From my perspective as a father, it led me to reflect on my own journey with my mother—how close we were when I was a child, and how that relationship inevitably changed as I grew older. It's a difficult truth, but as boys grow into men, the nature of their bond with their mothers often shifts.
We're raised, consciously or not, with the understanding that one day we'll have to step into our own lives, build our own families, and form new bonds that will take priority. And when that time comes, there’s often a quiet and painful parting—not out of rejection or lack of love, but as a natural progression of life.

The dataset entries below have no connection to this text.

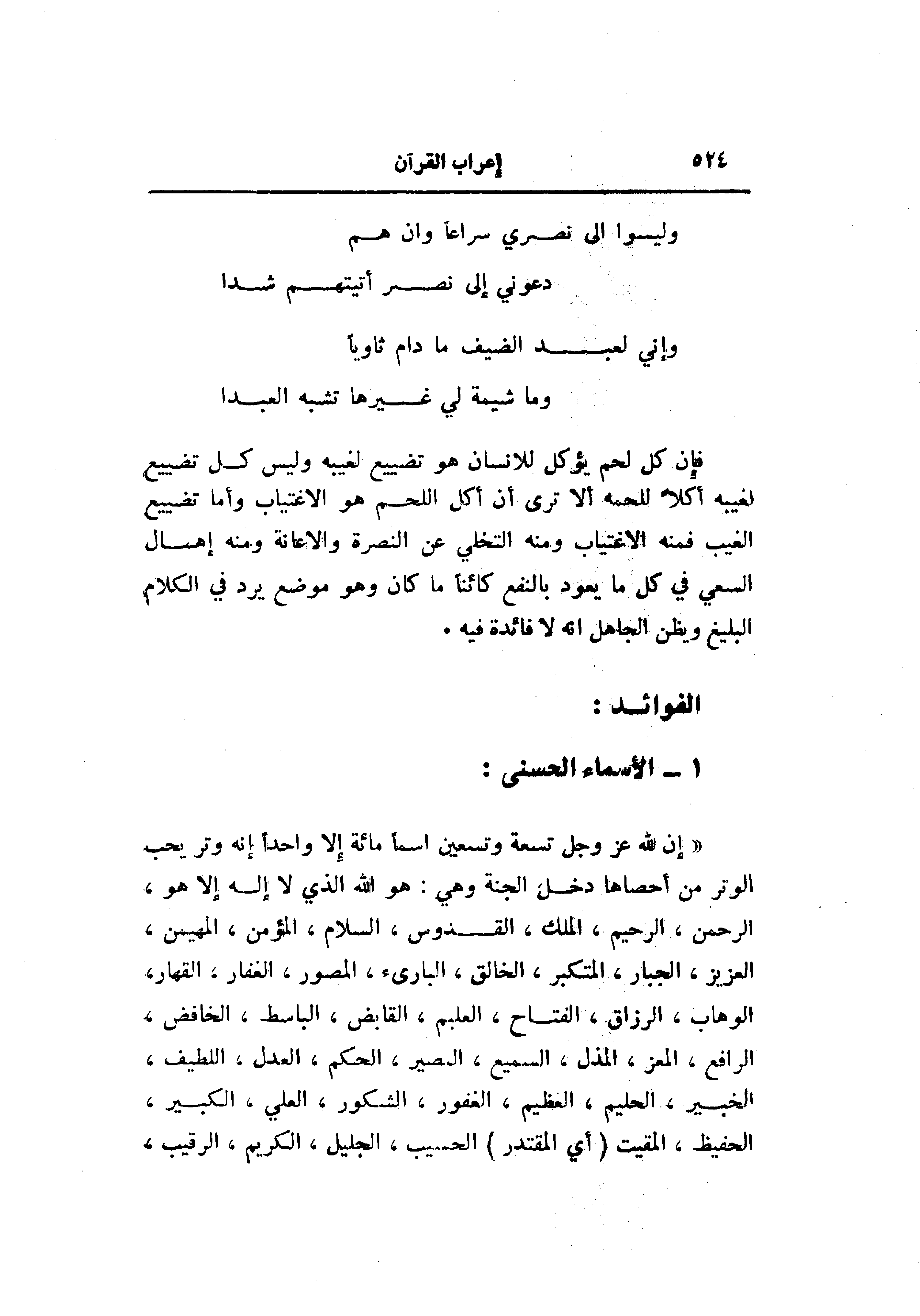 «إن لله عز وجل تسعة وتسعين اسما مائة إلا واحدا إنه وتر يحب الوتر من أحصاها دخل الجنة وهي: هو الله الذي لا إله إلا هو، الرحمن، الرحيم، الملك، القدوس، السلام، المؤمن، المهيمن، العزيز، الجبار، المتكبر، الخالق، البارئ، المصور، الغفار، القهار، الوهاب، الرزاق، الفتاح، العليم، القابض، الباسط، الخافض، الرافع، المعز، المذل، السميع، البصير، الحكم، العدل، اللطيف، الخبير، الحليم، العظيم، الغفور، الشكور، العلي، الكبير، الحفيظ، المقيت (أي المقتدر) الحسيب، الجليل، الكريم، الرقيب،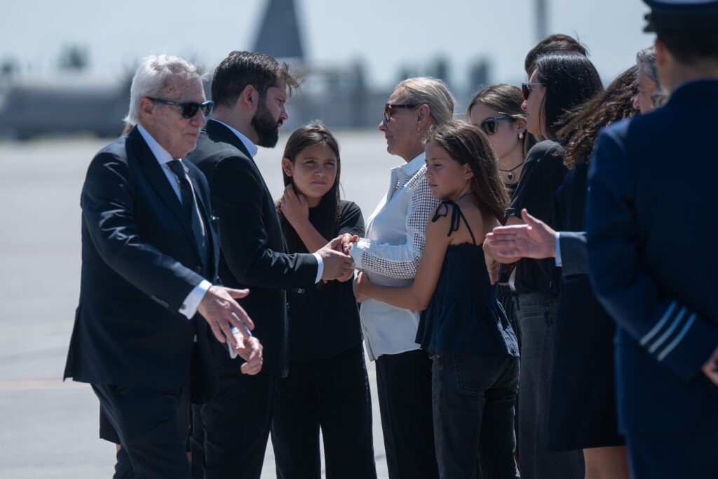 Presidente Boric recibe el féretro del ex Presidente Piñera y entrega pésame a sus familiares y seres queridos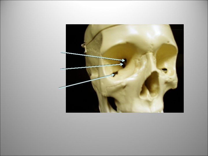 Optic canal Superior orbital fissure Inferior orbital fissure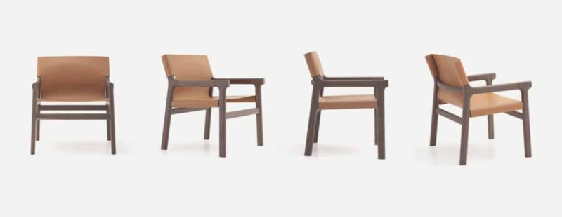 Italian craftsmanship fuses with Japanese style in an armchair deeply infused with references and tactile experiences. A new complement is added to the Fushimi collection. A tale of expectations derives from the tangential relationship between the joints. Leather wraps around wood, renewing an ancient collaboration: evocation of new relationships between material and colour. A reinterpretation of the Fushimi bed, the Fushimi lounge armchair builds on the dominating features of its own inspiration, starting with how the luxurious solid wood is machined and finished. Designed with simplicity, naturalness and proportion, the Fushimi Lounge chair has a wooden structure that is both concealed and exposed in symbiosis with the main leather section whose meticulous craftsmanship is utterly inviting. Available in solid walnut or ash in the Rovere Naturale, Borgogna and Canaletto shades or Open-pore Nero, natural hard leather in the Hermes, Moro and Nero colours.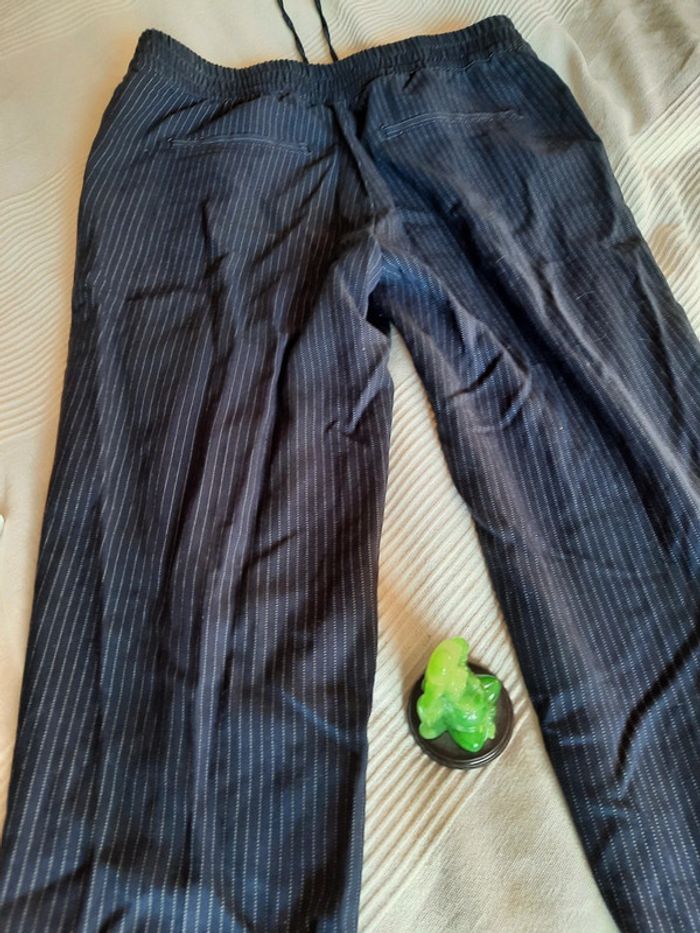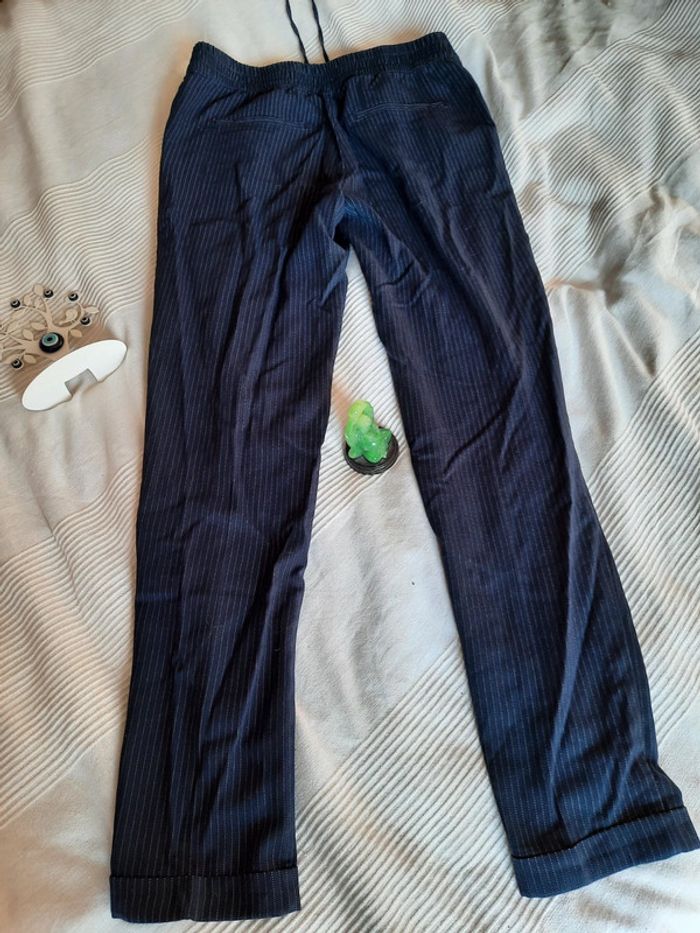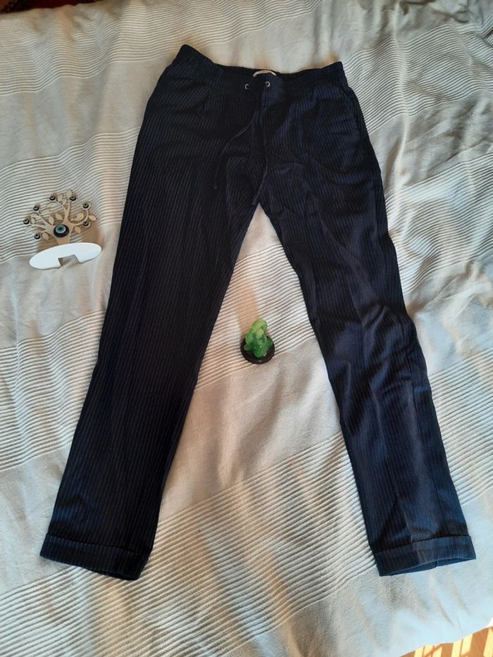 Pantalon bleu rayé blanc habillé camaïeu taille 42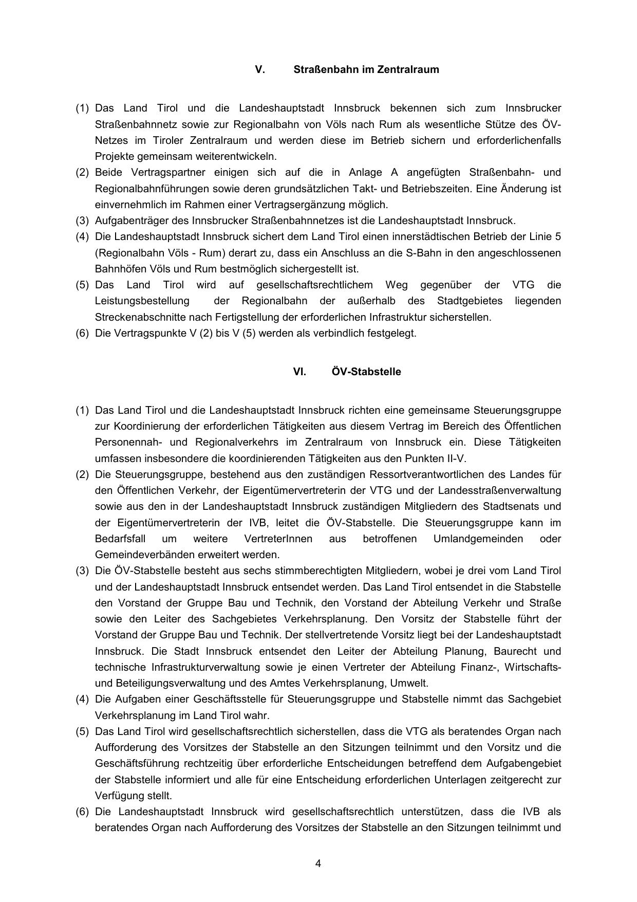 (4) Die Landeshauptstadt Innsbruck sichert dem Land Tirol einen innerstädtischen Betrieb der Linie 5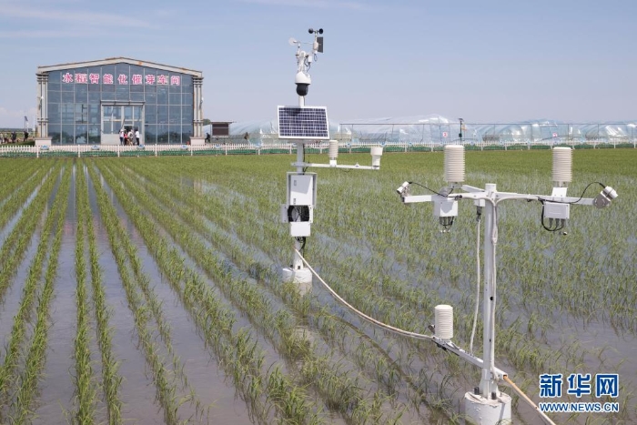 黑龍江省富錦市東北水田現(xiàn)代農(nóng)機(jī)專(zhuān)業(yè)合作社稻田里的專(zhuān)業(yè)設(shè)備(2020年6月12日攝)。

It’s a bittersweet process. While it speaks of growth and new beginnings, it also marks the gradual fading of a relationship that was once everything to us. Still, I believe that bond, though changed, never truly disappears. It simply evolves.
1 person likes this
@sissy15 (12446)
• United States
18 May
I agree with you. It's something I always knew would happen but that said my son and I are still close but the relationship is different and that's how it's meant to be and as you said it's bittersweet. I love seeing him grow and change but I also long for those days when I was his whole world. It would be a disservice for him if I didn't let him grow and evolve though. This is part of life and I just want to see him happy but that doesn't mean I'm not a little sad knowing our relationship will never be what it once was. I've accepted that this is who he is and that this is how things have to be but yes I'm a little sad about it but also so proud of him.
1 person likes this
@sissy15 (12446)
• United States
18 May
@rsa101 It is different for mothers because mothers have a bond with their children that fathers often don't have. We have an understanding but emotions and understanding often counteract each other at times. Both of my parents seemed to struggle with us getting older. My dad still likes to bring up memories from when we were kids. My dad wasn't supposed to be able to have children and when he had us he really enjoyed us being little. I can still tell he misses us being little. My dad raised us while my mom was at work because my dad had some medical issues that made it so he couldn't work. He lost his job when I was a baby and with all of the medical stuff he had going on he was never able to find another job. I think him being home with us made it so he was able to create a stronger bond with us.